Leaders of the House and Senate Education committees plan to take up the unpopular subject of school mergers this legislative session.

Previous attempts to consolidate school districts have been a nonstarter. Act 153, passed in 2010, offers incentives for voluntary school district mergers. Act 156, passed last session, expands those incentives and makes them available for school mergers even in supervisory unions where some towns have opted out. But so far, neither has spurred consolidation in districts statewide.

Outside pressure has already been brought to bear on lawmakers. Campaign for Vermont, a self-described “nonpartisan” advocacy group, has called for the replacement of Vermont’s 64 supervisory unions with 15 “Education Districts,” an idea that was first proposed in 2006 by Richard Cate, the former education commissioner who served during Republican Gov. Jim Douglas’ tenure in office.
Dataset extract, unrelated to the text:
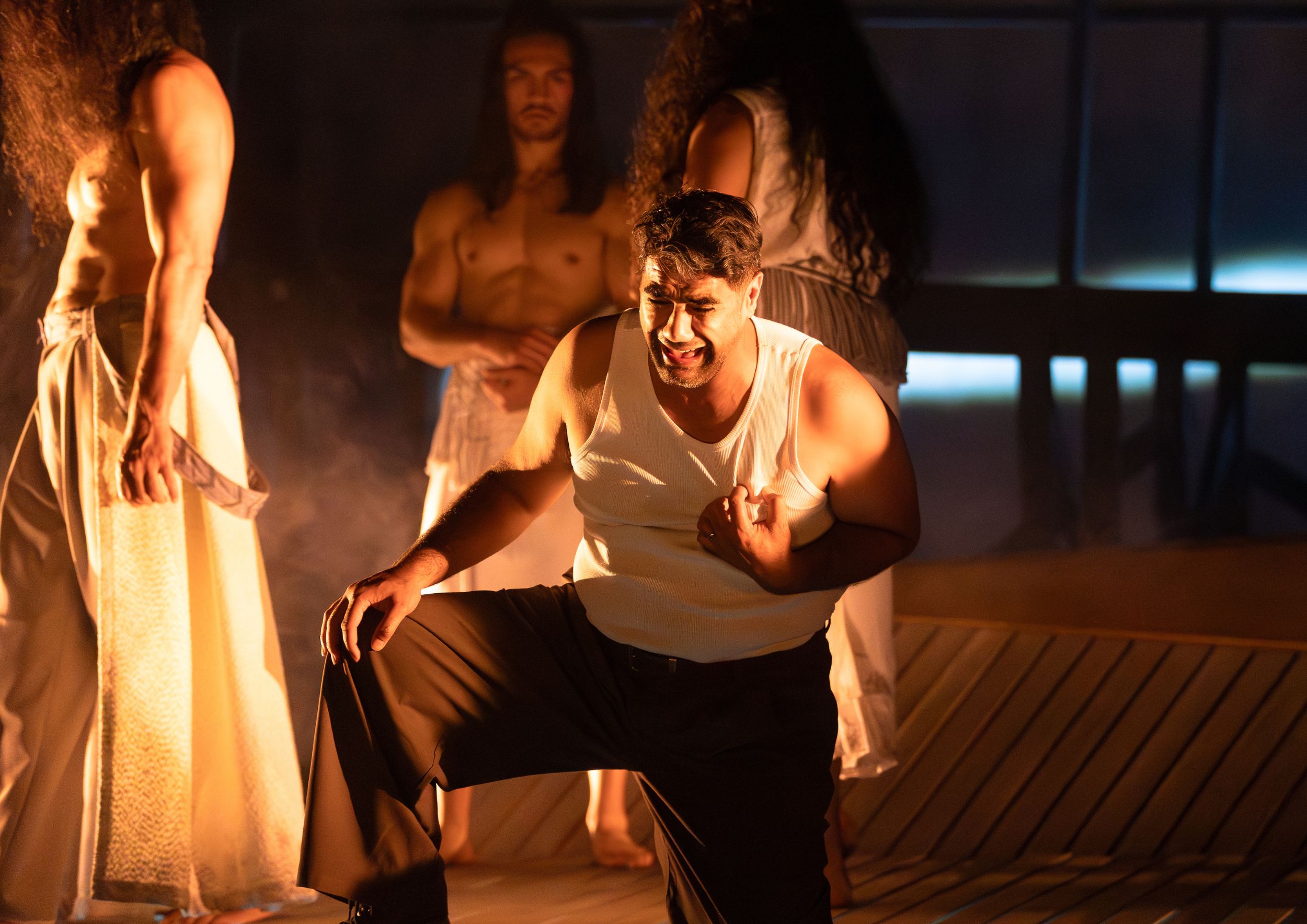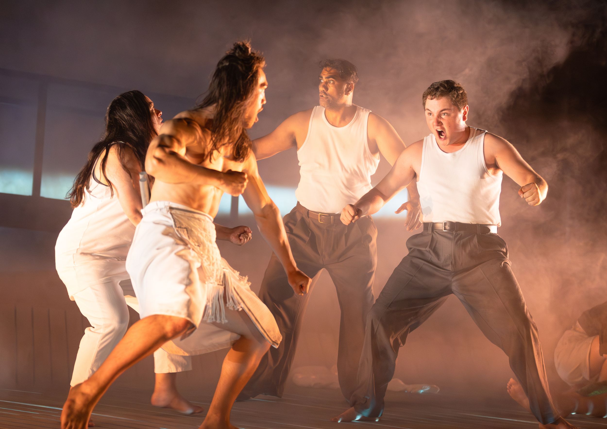 Includes strobe lighting, haze, loud and sudden sounds, racist and strong language, depictions of physical violence and family harm, and themes of colonisation and its impact on iwi Māori and whānau Māori.

View of a school bus through a rainy window.
View of a school bus through a rainy window.

In this scenario, the current level of local control and the state’s role would both diminish. Instead, the new education districts would be responsible for setting budgets and collecting the statewide property tax, for example.

The group envisions stripping the state of its role as primary distributor of property tax revenue to schools. Instead, each “Education District” would be charged with this task, and the statewide property tax would be used only to even out any imbalances that emerge across districts.

The campaign recommends expanding school choice and de-coupling the state’s income sensitivity program from property tax rates to “enhance transparency” about the program’s expenditures. The plan also calls for a teacher and principal evaluation system and recommends raising teacher salaries by an average of 20 percent for those who make the grade.

~Reporting by Alicia Freese

Picus report: Vermont’s system is equitable

Vermont’s controversial statewide property tax system, which was initially enacted in 1996, was reviewed by an outside consulting firm last year. Act 60 and 68 essentially evened the playing field between poor and rich school districts in the state and required towns to collect a statewide property tax for education. It’s the only system of its kind in the United States.

Lawrence Picus, a nationally respected consultant, told lawmakers last session that the state’s school funding mechanism is doing what it was designed to do – it is ensuring that school districts are equitably financed.

Widening disparities in funding for schools based on the relative property wealth of individual communities have largely disappeared, Picus told legislators.

No other state in the country has a more equitable system of education financing, Picus said. There is a correlation, he said, between equalized funding and the decline in variation in student achievement in reading and math, based on the relative poverty or wealth of a given school district.

Picus’ 281-page draft report analyzed data and provided case studies of five schools in Vermont that significantly improved student test scores.

Vermont is near the top of the national charts on a number of measures. The state has the third highest per pupil spending ratio in the nation ($17,447 a student, while the national average is $10,826). The state has the smallest school districts – with 299 students on average — in the country (the national average is 3,213). Student enrollments have declined by 18.1 percent over the last decade, faster than any other state except North Dakota. In 1999, Vermont had 104,559 students; we now have 85,635.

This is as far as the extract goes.